И Ликург, и Платон предложили способы улучшения природы человека, которые позже назовут как позитивная и негативная евгеника (от др.-греч. εὐγενής — «благородный, из хорошего рода»):
- позитивная евгеника нацелена на то, чтобы побольше рождались дети с теми чертами внешности и/или характера, которые нравятся обществу. Например, модно быть кареглазым брюнетом, и люди делают всё, чтобы таких детей рождалось больше: поощряют переезд людей с карими глазами и темными волосами, демографическая политика стимулирует кареглазых брюнетов-родителей заводить больше детей, разрешает вмешиваться в гены;
- негативная евгеника достигает эту цель другими средствами: вместо того чтобы увеличивать рождаемость детей с нужными характеристиками, запрещают размножаться тем, кто в эти стандарты не вписывается (не дают эмигрировать тем, кто отличается, или даже стерилизуют и убивают тех, кто не подходит под желаемые критерии).
Как принудительная стерилизация стала популярной
Свое имя и популярность евгеника получила благодаря английскому исследователю Фрэнсису Гальтону в XIX веке.
Вдохновленный идеями эволюции и естественного отбора, про которые писал его двоюродный брат, Чарлз Дарвин, Гальтон исследовал родословные благородных семей и пытался установить, как наследуется интеллект и талант.
Свои научные открытия он изложил в книге «Наследственность таланта», в которой доказал, что ребенок наследует не только физические характеристики родителей, но и их черты характера, умственные способности и таланты, а потому если мы хотим, чтобы в обществе было больше одаренных детей, то следует поощрять браки между такими людьми.

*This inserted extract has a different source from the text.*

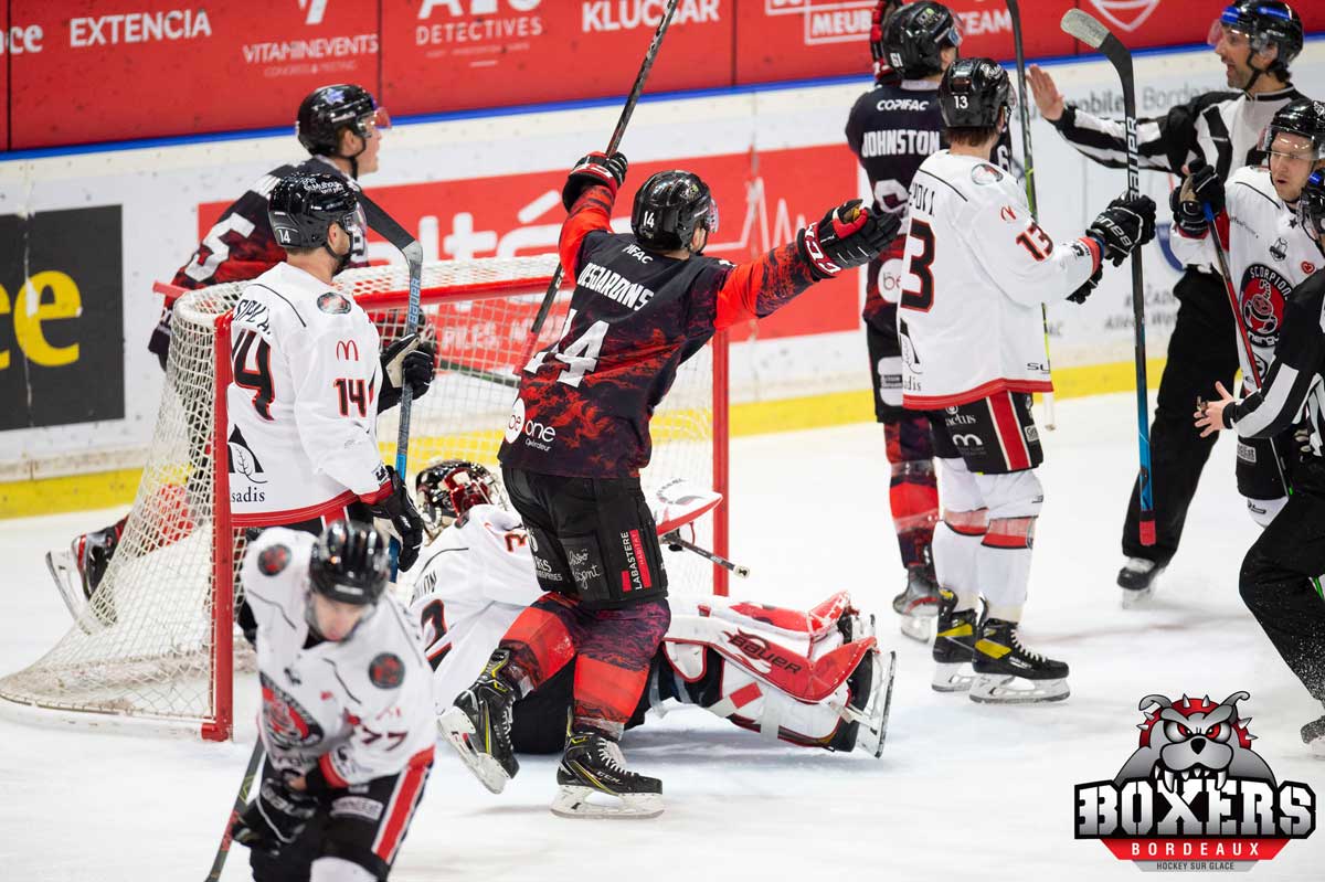 Cette nouvelle année 2021 commence mal pour nos Boxers de Bordeaux. Les Scorpions de Mulhouse ne se sont pas déplacés pour rien et se sont imposés (6-3) ce vendredi 8 janvier à la patinoire de Mériadec, à huis clos bien évidemment.

Конечно, Гальтон призывал более серьезно относиться к деторождению и думать, как, с кем и когда заводить детей. При этом он не предлагал искусственное и жесткое вмешательство, которое мы предпринимаем, когда выводим улучшенные сорта растений или породы животных. Скорее, он мечтал, чтобы евгеника стала своего рода религией: ее идеи распространились в обществе настолько, чтобы каждый человек относился к рождению детей более сознательно.
Его мечта исполнилась: к началу ХХ века евгеника стала настолько популярной, что писались научные статьи, активно спонсировались евгенические общества, а в США и Северной Европе даже принимались законы, которые использовали методы как позитивной, так и негативной евгеники.
Например, в штате Индиана в США в 1907 году вступил в силу закон о стерилизации психически больных и других незащищенных групп населения, чуть позже и другие штаты последовали его примеру.
Скандинавские страны в 1930-м приняли похожие законы о принудительной стерилизации психически больных людей, чтобы остановить передачу «плохих» генов.
Однако крайнюю степень своего развития евгеника получила в нацистской Германии. Адольф Гитлер вдохновился действующими законами о стерилизации в Америке и мечтал применять все доступные методы как позитивной, так и негативной евгеники на практике, что, как известно, закончилось трагически.
Банки спермы — оплот евгенического подхода
После окончания Второй мировой у евгеники окончательно испортилась репутация: о ней не принято было говорить, а ее идеи ассоциировались исключительно с нацистами. Однако мысли об улучшении человеческой природы всё еще волновали как мыслителей и ученых, так и политических деятелей и даже бизнесменов, которые открывали (не всегда успешно) евгенические проекты.
Например, американский филантроп Роберт Грэхэм в 1980 году в Калифорнии открыл первый некоммерческий банк спермы нобелевских лауреатов. Придя в него, любая женщина по собственному желанию могла путем искусственного оплодотворения стать матерью будущего обладателя сверхвысокого интеллекта.
Конечно, на проект Грэхэма обрушилась тонна критики и порицания, но банк просуществовал до 1999 года и показал, что гениальность — это не только хорошие гены. Дети, которые родились благодаря банку, мало чем отличались от своих сверстников в интеллектуальных способностях (впрочем, как и в других).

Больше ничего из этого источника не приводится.